Teddy: Looking back on your term, what prepared you most for that experience?
I was treasurer of the student body, so I was familiar with how it worked, but there were so many things that happened during that period of time that I wasn’t exactly ready for.
They just had the sit-down strikes over in Greensboro. Martin Luther King Jr. came, and we had dinner with him. I don’t think anything really prepared me for that particular event, but I got through it.
I was head of what was then called the “media board.” It was like the board of directors for all the media on campus, including the Daily Tar Heel. So, I mean, it was all set up very differently. But in that role, I had a lot of involvement with various elements of student government and worked very closely with my predecessor. But spending time in student government was the main thing that so-called prepared me.
In a lot of ways, you can’t be prepared because when you become student body president, you’re suddenly on the board of trustees, and you have to deal with trustees. You’re dealing with faculty and administration in a manner that at least I had never experienced before, and you’re still dealing with student issues. And so, trying to get some feel for the lay of the land and the different constituencies you deal with was a challenge.

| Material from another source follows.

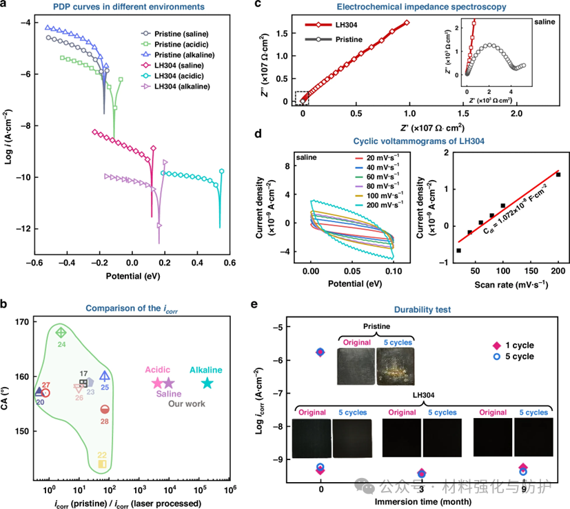 团队分别在NaCl、HCl和NaOH溶液进行腐蚀试验,分别表征LH 304不锈钢在盐、酸和碱性环境中的腐蚀情况,结果显示LH 304的腐蚀电流密度降低了4~5个数量级,且腐蚀速率的降低相较于目前报道的其他先进防护技术效果更为明显(腐蚀速率要更低2~3个数量级),经过9个月(>6500h)浸泡后,样品的表面依然光亮如初,未见明显的腐蚀迹象。

Activism was a great preparation for government because government is really a misnomer. In student government, you don’t govern anything. You don’t have any real formal power over the University, for sure. And so, it turns out that your impact is really going to be through activism, through working influence that is not formal authority. Turns out that’s the way life is, too, in trying to move through the world and change things. You can’t really control much. How can you influence, and what are all the different levers you can pull that aren’t formal power?
In high school, I was used to arguing in the state supreme court building, so I was used to being on the spot and in front of powerful people. Forget about the election, in terms of actually being in the job, I think that was important when I got here.
Part of the role is just getting a sense of what’s going on and what needs improvement, facilitation, or help. Figuring out what student government does best is not necessarily about creating some initiatives as much as it’s supporting the initiatives and creations of the student body. We were trying to figure out what this was and what students needed to bridge that gap.
In the 2000s, there was a shift from student government being about advocacy and Raleigh all the time to more about student organizations and supporting them and nurturing that community. My platform? I didn’t build it. I tapped experts in different areas of campus life to appoint them to be responsible for going to the student organizations and building that network. So, by the time we had a campaign, we were two-hundred-plus people strong who helped build an inclusive platform.
I didn’t think I would run until towards the end. I had been in student government since I was a first-year student, but I was pretty content being a policy person. I was going to stay on the committees and do all that. And then, circumstances led to some people encouraging me to run.
But there was a lot of instability in student government that year. We were in the second year of the Silent Sam crisis. Crisis, I guess, is a good word for it. There was a lot of distrust in student government from people who felt like it wasn’t doing anything or people who were doing it for their resumes and just moving on. And I had to take that on and really listen to the students first before taking on these policy positions.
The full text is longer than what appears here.